How to query for leaf nodes in a hierarchy using a closure table

selectsqlite

I have some hierarchical data (representing musical instruments and playing techniques), where each leaf in the hierarchy is an audio file.

The nesting depth of leaf nodes will vary because some playing techniques will have sub-articulations.

Example paths to leaf nodes could be

/philharmonia/trumpet/mute/muted_trumpet1.wav
/philharmonia/trumpet/legato/attack/legato_trumpet1.wav
/ircam/violin/pizz/violin_pizz1.wav

I have the data stored using a master table and closure table:

sqlite> PRAGMA table_info(as_node);  
0|id|INTEGER|0||1  
1|name|TEXT(1024)|1||0  
2|file|INTEGER|0||0  
3|parent|INTEGER|0||0  

sqlite> PRAGMA table_info(as_node_closure);  
0|id|INTEGER|0||1  
1|ancestor|INTEGER|0||0  
2|descendant|INTEGER|0||0  
3|depth|INTEGER|0||0  

How can I query the database to select all leaf nodes where an ancestor node matches a given string at given nesting level?

For example in plain English: "give me all leaf nodes where ancestor node is 'trumpet' at a nesting level of 2"

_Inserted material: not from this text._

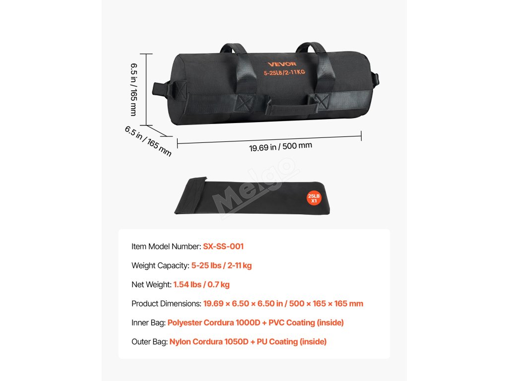 Tento těžký cvičební pytel s pískem je tréninkový nástroj. Vnitřní kapsa je vyrobena z polyesteru Cordura 1000D s povrchovou úpravou PVC a vnější kapsa je vyrobena z nylonu Cordura 1050D. Vak je vyroben z vysoce kvalitních materiálů a má pokročilé těsnění, je odolný, nepromokavý a odolný proti písku, ideální pro všestranný trénink.

With the above data, this should return muted_trumpet1.wav and legato_trumpet1.wav.

UPDATE 1

Some example data:

sqlite> select * from as_node
1|BrassP||
2|4Horns||1
3|FT||2
4|DYN_02||3
5|RR_01||4
6|Mic_CL||5
7|4H_CL_DYN2_FT_01.wav|1|6
8|Mic_FM||5
9|4H_FM_DYN2_FT_01.wav|2|8
10|Mic_RM||5
11|4H_RM_DYN2_FT_01.wav|3|10
12|Mic_SUR||5
13|4H_SURR_DYN2_FT_01.wav|4|12
14|DYN_03||3
15|RR_01||14
16|Mic_CL||15
17|4H_CL_DYN3_FT_01.wav|5|16
...

sqlite> select * from as_node_closure limit 10;
1|1|1|0
2|1|2|1
3|2|2|0
4|1|3|2
5|2|3|1
6|3|3|0
7|1|4|3
8|2|4|2
9|3|4|1
10|4|4|0

UPDATE 2:

This gives me pretty much what I want, but I'm sure it it's not the right way:


SELECT name from as_node WHERE id IN (SELECT descendant FROM as_node_closure WHERE ancestor IN (SELECT id FROM as_node WHERE name = "trumpet") AND descendant IN (SELECT id FROM as_node WHERE name LIKE "%.wav"));

This uses the inner SELECT to get all of the leaf nodes and return only descendants in that list.

Best Answer

I think this is what you want (edited):

-- ml : short name for middle-to-leaf connection
-- rm : short name for root-to-middle connection

SELECT                                     -- show me 
    leaf.*                                 -- all
FROM 
    as_node AS leaf                        -- leaf nodes
  JOIN as_node_closure AS ml               -- which have an ancestor
    ON  ml.descendant = leaf.id            -- 
  JOIN as_node AS middle                   -- (let's call it middle)
    ON  ml.ancestor = middle.id            -- 
    AND middle.name = 'trumpet'            -- with the name 'trumpet'
  JOIN as_node_closure AS rm               -- and this middle
    ON  rm.descendant = ml.ancestor        -- has another ancestor
  JOIN as_node AS root                     -- (which we call root)
    ON  rm.ancestor = root.id              -- which is indeed a root node
    AND root.parent IS NULL                -- as it has no parent
WHERE                                      -- and the distance from root to middle
      rm.depth = 2                         -- is 2 (so middle's absolute level is 2)
  AND leaf.name LIKE '%.wav'
  AND NOT EXISTS                           -- and also the leaf is indeed a leaf node
      ( SELECT *                           -- as it has no children
        FROM as_node AS extra
        WHERE extra.parent = leaf.id
      ) ;

Test at SQL-Fiddle (where 'FT' is used instead of 'trumpet', to match your data.)